Wie heißen die Personen in diesem Beitrag?

Luigi Pantisano, Martin Burkert, Claus Ruhe Madsen, Lukas Iffländer

Welche Organisationen oder Institutionen werden genannt?

Deutsche Bahn, Linke, Luigi Pantisano, Tagesspiegel, EVG, Martin Burkert, DB Fernverkehr, Schleswig-Holsteins Verkehrsminister, Claus Ruhe Madsen, CDU, Pro Bahn, Bundesregierung.

Wann ist das Ereignis passiert?

Nicht erwähnt

Wo spielt die Handlung des Artikels?

Die Orte, an denen das beschriebene Ereignis stattfindet oder stattfand, sind: Berlin, Bodensee, Garmisch-Partenkirchen, Lübeck, Kiel.

Worum geht es in einem Satz?

Die geplanten Preiserhöhungen und Angebotskürzungen der Deutschen Bahn im Fernverkehr stoßen auf scharfe Kritik von Politikern und Verbraucherschützern, da viele Fahrgäste die steigenden Kosten nicht tragen können und der Bund seiner Verantwortung als Eigentümer nicht gerecht werde.

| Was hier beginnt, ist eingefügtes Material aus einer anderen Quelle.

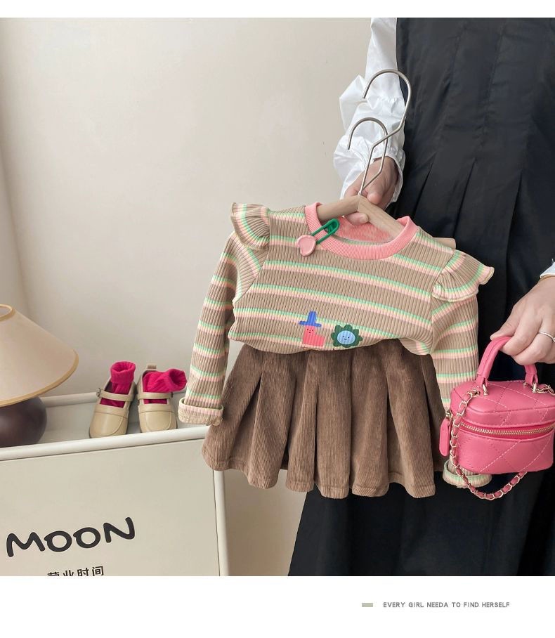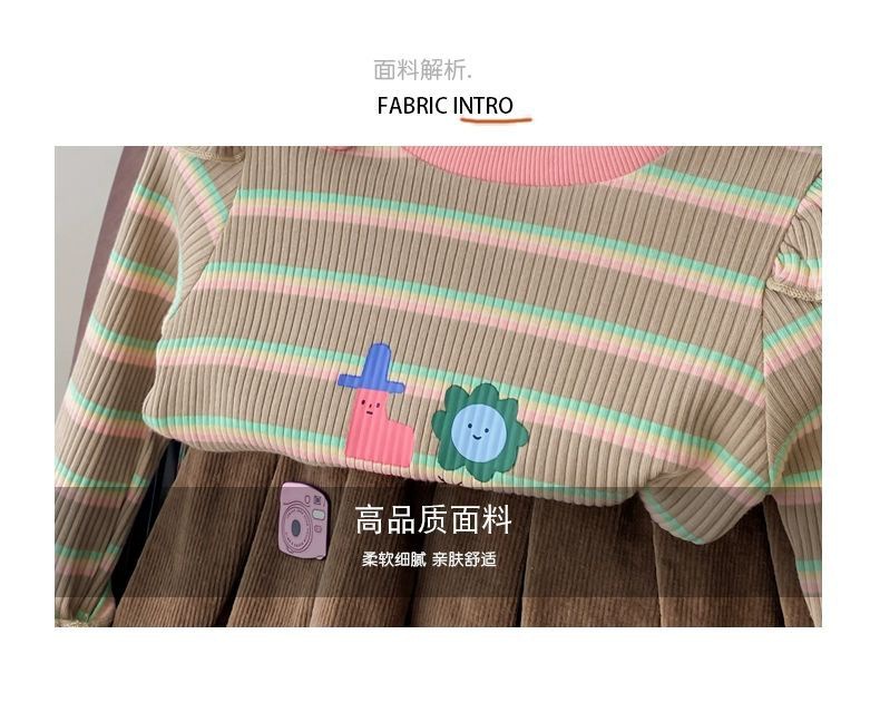 봄과 가을 소녀 티셔츠 아기 세련 된 어린이 성격 유행 브랜드 한국 컬러 매칭 줄무늬 만화 플라잉 슬리브 베이스 셔츠

Was war der Auslöser für den Vorfall?

Der Auslöser für die Pläne der Deutschen Bahn, die Fernverkehrsangebote zu reduzieren und Fahrpreise zu erhöhen, ist ein Anstieg der Nutzungsgebühren für das Schienennetz, die sogenannten Trassenpreise. Dies führte zu einem finanziellen Defizit von 95 Millionen Euro bei der Bahntochter DB Fernverkehr in diesem Jahr. Die Politik und Verbraucherzuführer reagieren kritisch auf diese Maßnahmen, da viele Fahrgäste sich die geplanten Preiserhöhungen nicht leisten können.

Wie hat die Öffentlichkeit oder Politik reagiert?

Die Pläne der Deutschen Bahn, das Fernverkehrsangebot zu reduzieren und die Preise zu erhöhen, stoßen auf erhebliche Kritik von Politikern und Verbraucherschützern, die die Vorhaben als untragbar empfinden. Besonders die Linke und der Fahrgastverband Pro Bahn fordern eine stärkere politische Verantwortung und notwendige finanzielle Unterstützung, um die Versorgungsqualität im Bahnverkehr aufrechtzuerhalten.

Welche Konsequenzen werden genannt?

Die Folgen oder Konsequenzen, die im Artikel erwähnt werden, sind: Preiserhöhungen um mehr als zehn Prozent, Kürzungen des Fernverkehrsangebots, Streichung vieler ICE- und Intercity-Verbindungen, Verlust von 95 Millionen Euro bei DB Fernverkehr, negative Reaktionen aus der Politik und von Verbraucherschützern, Unzufriedenheit der Landesregierung mit den Plänen, Verantwortung der Politik für die Angebotskürzungen.

Gibt es bereits eine Stellungnahme?

Ja, im Artikel werden mehrere Stellungnahmen zitiert. Luigi Pantisano, der verkehrspolitische Sprecher der Linken im Bundestag, äußert, dass die Fahrgäste kein Verständnis für die drohende Preiserhöhung und Streckenausdünnung im Fernverkehr hätten, da sich viele Menschen Ticketpreiserhöhungen von über zehn Prozent nicht mehr leisten könnten. Schleswig-Holsteins Verkehrsminister Claus Ruhe Madsen kritisiert die Pläne ebenfalls und betont, dass die Landesregierung weiterhin für einen bestmöglichen Anschluss an den Fernverkehr arbeiten werde.